曲兆飞忽然有些紧张起来:“他忽然那么急着找你,不会发现了什么吧?”
“不知道,我现在没办法想那么多了,他让我回家看看我老婆……啊,梅瑾在不在……”
曲兆飞似乎是大度地笑了笑,对于老婆那两个字,他毫不介意。原本,像他们这样的关系也根本没办法去介意什么。
二人沉默了一小会儿,曲兆飞忽然问:“然后呢?他就没再说别的?”
高贝想了一会儿,摇了摇头:“应该没有了。刚才我妈在电话里就只是说,姓纪的让我回去看看梅瑾在不在。”
曲兆飞若有所思地点了点头,不明白纪同的用意。高贝又何尝不是如此呢?于是二人大眼瞪小眼地对视了几秒钟,高贝这才反应过来自己该走了。

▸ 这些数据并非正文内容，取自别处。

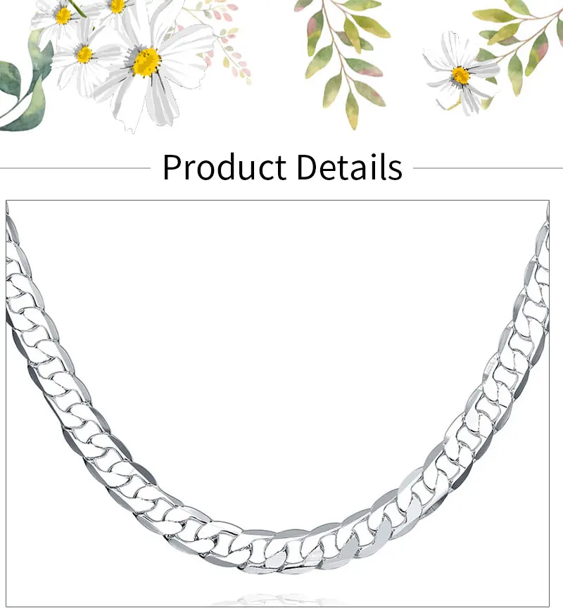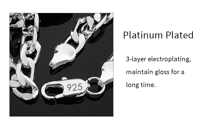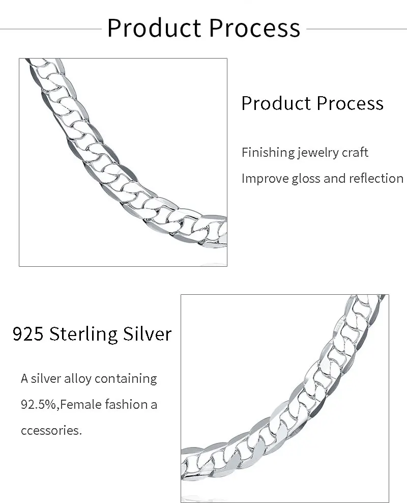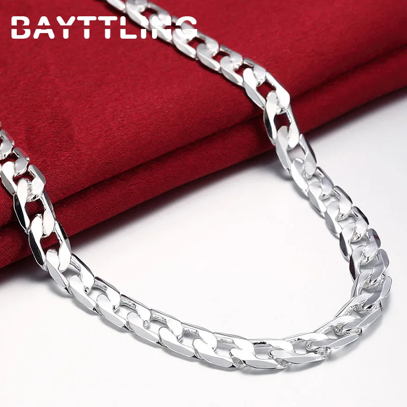Плоская цепочка BAYTTLING из стерлингового серебра 925 пробы 16/18/20/22/24 дюйма 8 мм, ожерелье для женщин и мужчин, модное свадебное украшение, подарок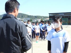 水泳 中国大会 壮行式投稿者: oku01 投稿日: 2025-10-242025-10-2410/25(土)、10/26(日)に山口県で行われる第13回中国高等学校新人水泳競技大会(競泳の部)に出場する1年4組 桝原さんの壮行式を行いました。 桝原さんは自由形部門とバタフライ部門の2種目に出場します。 毎日何時間も泳ぎ練習してきた桝原さん。 生徒みんなで応援しています!頑張ってください!!【地域おこし協力隊:神谷】 カテゴリー: トピックス未分類部活動
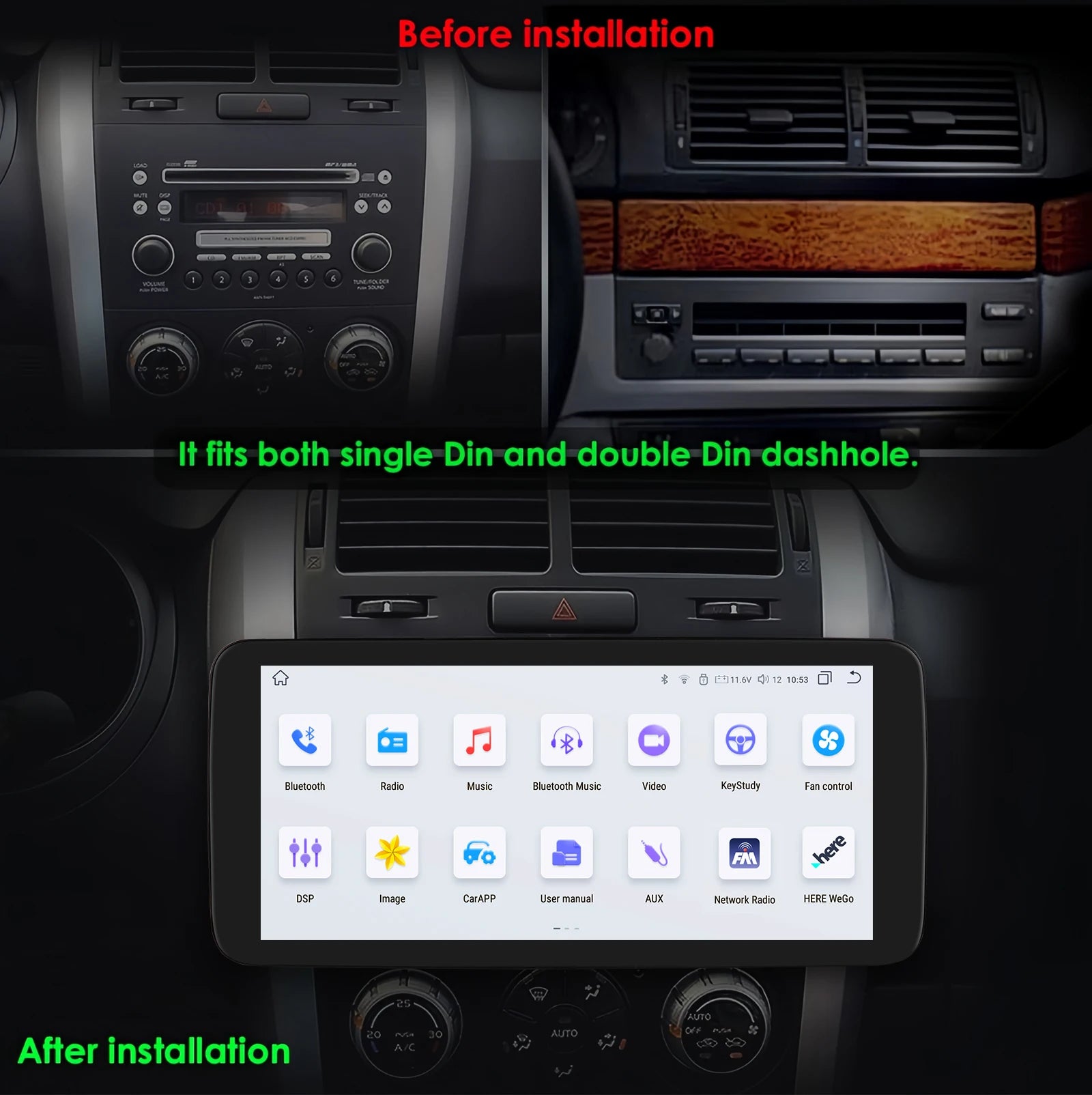 Product Size: Please kindly to compare with your original radio's size before bidding ,if size's are different which cannot install.

“我现在得马上去,我妈一会儿还让我回家一趟。”他有些赶时间地往脸上按了一张创可贴,紧接着对曲兆飞摆了摆手,恋恋不舍地踏进了地狱的火炉。
他没有开车。
因为不想引人注意,于是便一路步行朝着家的方向走去。另一方面也是想散散心。可习惯了轿车内舒适空调的公子哥,如今行走在炎炎烈日下,早已被汗水浸透得狼狈不堪。
好不容易走到了家,高贝第一件事便是打开空调,将温度调到最低,之后气喘吁吁地坐在沙发上吹冷风。
总算觉得这个世界没有那么炎热了。
而几乎是缓过气来的同时,他的余光瞥到了茶几上,与这栋华丽别墅极不相称的几张有些发皱的白纸。
高贝顺手拿了起来,上面几个大字立刻映入了他的眼帘——离婚协议书。
下方有着梅瑾的签名,以及几滴早已干透的眼泪。那张纸的褶皱,明显是被泪水泡过的痕迹。